I'm thinking two circular arbors instead of one more square/rectangular one, but then my designs always lean towards the modern.


----------



## tallpaul (Feb 12, 2008)

Maybe think about octagonal rather than circular? Hexagon? Pentagon?


----------



## TopamaxSurvivor (May 2, 2008)

How about an elliptical cloud?


----------



## rrdesigns (Sep 4, 2009)

Okay, but how do you frame the curve? I can envision following the curve of the patio now, but I'm concerned that the curve will force me into so many posts it will feel like a jail inside. I would like to keep the posts at a minimum, maybe six or seven and figure out a way to build strength and a curved silhouette into the roof (which will remain rafters only like an arbor). Maybe a lintel assembly with rafters extending beyond to establish the curve?


----------



## a1Jim (Aug 9, 2008)

Hey Beth
Is this patio cover for shade or is it to be water proof.


----------



## TopamaxSurvivor (May 2, 2008)

Build the frame for support and let the curve be a façade.


----------



## sras (Oct 31, 2009)

This is an interesting question. It really depends on what the property owners want. For me, I would consider an arbor that is not conntected to the home. Start about 5 ft from the existing structure and create an arbor that follows the outline of the patio - stopping about 5 ft from the building on the other side. I would make the arbor about 5 - 7 ft wide and explore interesting ways to place the cross pieces on the top (something radial). -- on the other hand, if the property owners are not interested then never mind!


----------



## TopamaxSurvivor (May 2, 2008)

It will be a lot easier to stablize with a connection to the home. A free standing pole structure will require a lot of cross bracing to stand up to the wind.


----------



## jlsmith5963 (Mar 26, 2009)

If it would be acceptable to have only the top 2×2 members to be cut so the mimic the curve, then you could do the following:
Build a right angled structural post and beam system that would support the 2×2 top members, as is typical and then add the cross members running parallel to the wall with the door. Then add a top layer of 2×2 members that run perpendicular to the wall with the door and end at the edge of the patio curve. In order to get the 2×2s cut correctly lay them out directly on the patio adjusting their spacing so it gives you the desired visual effect . Then trim each 2×2 to whatever length the patio is at its location. Once they have all been trimmed mount them on top the cross members using the same spacing. This design would have no actual curved cuts yet the 2×2 as a group would make a strong visual curve that matches the curve of the patio.

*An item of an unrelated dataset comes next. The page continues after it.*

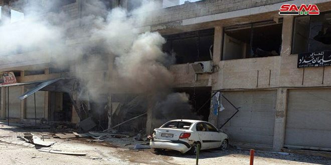 واستشهد أمس 4 أطفال وامرأة وأصيب 6 أطفال آخرين نتيجة اعتداء المجموعات الإرهابية المتمركزة فى محافظة إدلب بالصواريخ على مركز تعليمي للأطفال فى مدينة السقيلبية شمال مدينة حماة.

If you need a clearer description let me know, I could probably whip it up in Sketchup.


----------



## rrdesigns (Sep 4, 2009)

a1Jim, the homeowners (and my) vision is for shade, not full enclosure. Also, for what it is worth, the back of the house faces west. I have 15 feet from the main house to the western edge of the patio and from the northern facing part of the house that projects further west, there is 16 feet of patio before the patio begins its curve another 6 feet to the sidewalk. I would like to leave as much of this area clear as possible for furniture placement. And yes, the wind does come sweeping o'er the plain, just like in the song. This is Oklahoma, after all, so stability is important.

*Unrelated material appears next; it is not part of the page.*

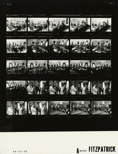 | Keywords: Ford A9555 NLGRF photo contact sheet (1976-05-06)(Gerald Ford Library).jpg White House Photographic Office WHPO is housed at the Gerald R Ford Presidential Library a branch of the National Archives and Records Administration NARA <br/><br/> This file is a 200 dpi photo contact sheet having images from roll of film A9555 of the August 9 1974 - January 20 1977 Gerald R Ford White House Photographic Office Series A0001-A9999 and B0001-B2886 photographs <br/><br/> The date on the photo contact sheet is the date the roll of film was processed not necessarily the date the photographs were taken See table below for additional details 1976-05-06 Gerald R Ford Presidential Library Image http //www fordlibrarymuseum gov/library/whphotos/A9555_NLGRF jpg A9555_NLGRF jpg from http //www fordlibrarymuseum gov/library/whphotos/19760506whpo pdf White House Photographs May 6 1976 of the http //www fordlibrarymuseum gov/Library/whphotos/whpo asp White House Photographic Collection page White House Photographic Office WHPO - Fitz-Patrick PD-USGov Institution Institution Gerald R Ford Presidential Library Table wikitable sortable + Photo contact sheet A9555 U S President Ford Administration Gerald R Ford Library Frame s Tone Subject proper Subject generic Names Geographic Location Photographer Date - 3-8 BW Meeting with California Finance Chairman for PFC and President of Carter Hawley Hale Department Stores Los Angeles seated around desk; Cheney in 3 frames; Carter and GRF together in 3 frames GRF Edward W Carter; Cheney Oval Office Fitz-Patrick 1976-05-06 - 9-18 BW Meeting to Discuss Social Security Long-Range Financing seated around table both sides shown GRF Buchen Lazarus Friedersdorf Seidman Cannon Quern Moore Lynn O'Neill Greenspan Malkiel Mathews Wm A Morrill Ronald L Davis Usery Henry Perritt George Dixon James Van Horne David Ranson James Baker Cabinet Room Fitz-Patrick 1976-05-06 - 19-24 BW Reception for Members of the Association of American Editorial Cartoonists-Meeting with AAEC Pres Hill; AAEC VP Warren; AAEC Secy-Treas Jurden; AAEC Director MacNelley standing talking GRF Draper Hill Thomas Curtis L D Warren Jack Jurden Jeff MacNelley Red Room Fitz-Patrick 1976-05-06 - 25-27 BW Reception for Members of the Association of American Editorial Cartoonists-GRF Remarks GRF at podium guests seated GRF Guests State Dining Room Fitz-Patrick 1976-05-06 Gerald R Ford Presidential Library and Museum-cooperation PD-USGov Contact sheets by the Ford White House May 1976 |

jlsmith, I'm intrigued by your idea. What I have not yet visualized is how to stabilize the posts as they will have to be anchored into the existing concrete somehow. I need something solid at their tops to hold them in place. If you are a Sketchup wiz, your assistance would be very helpful to me.


----------



## a1Jim (Aug 9, 2008)

Beth
I think I would add a 4×6 beam at the house supported by 4×4s up close to the house about as long or longer than the roof line were the door is plus having three 4×4 post about 2 feet in from the out side radius of the patio ,this would form a kind of a open "L" shape towards the out side edge with 4×6 headers forming that L shape. then some 2×6 or 2×8 rafters running from the house towards the outside L were it can cantilever over the L shape up to 2 feet towards the outside edge of the patio and be trimmed to mimic the radius on the patio. These joist would be closer together at the house than towards the out side edge to kind of a fan shape as you look up from the patio. On top of the joist you can place bamboo shade material,2×2 strips running across the joist or a pvc material like Sun Tuff.


----------



## jlsmith5963 (Mar 26, 2009)

Maybe I am missing something, lets do a visual check. In you mind does the construction of the arbor look something like this? 









If it does I am not sure why you are concerned about attaching it to the slab (if there is strong enough wind to move this thing then you have bigger problems then the arbor moving). But there is nothing stopping you from drilling some holes in the slab and epoxying in some threaded rod that you can use to bolt down typical base connectors that the columns can be attached to, of course you will want to trim out the columns to hide the connectors. So let me know if I don't understand. (Btw I am an architect)


----------



## rrdesigns (Sep 4, 2009)

jlsmith5983; If you think weight alone will hold the posts, so much the better for me. I revisited the site today and decided I can get by with five posts on the outside edge, spanned 4'-5' apart, and positioned to follow the outside curve without cutting it off with too much angle. The upper structure could then be similar to the picture posted above with it being more fan shaped than rectangular.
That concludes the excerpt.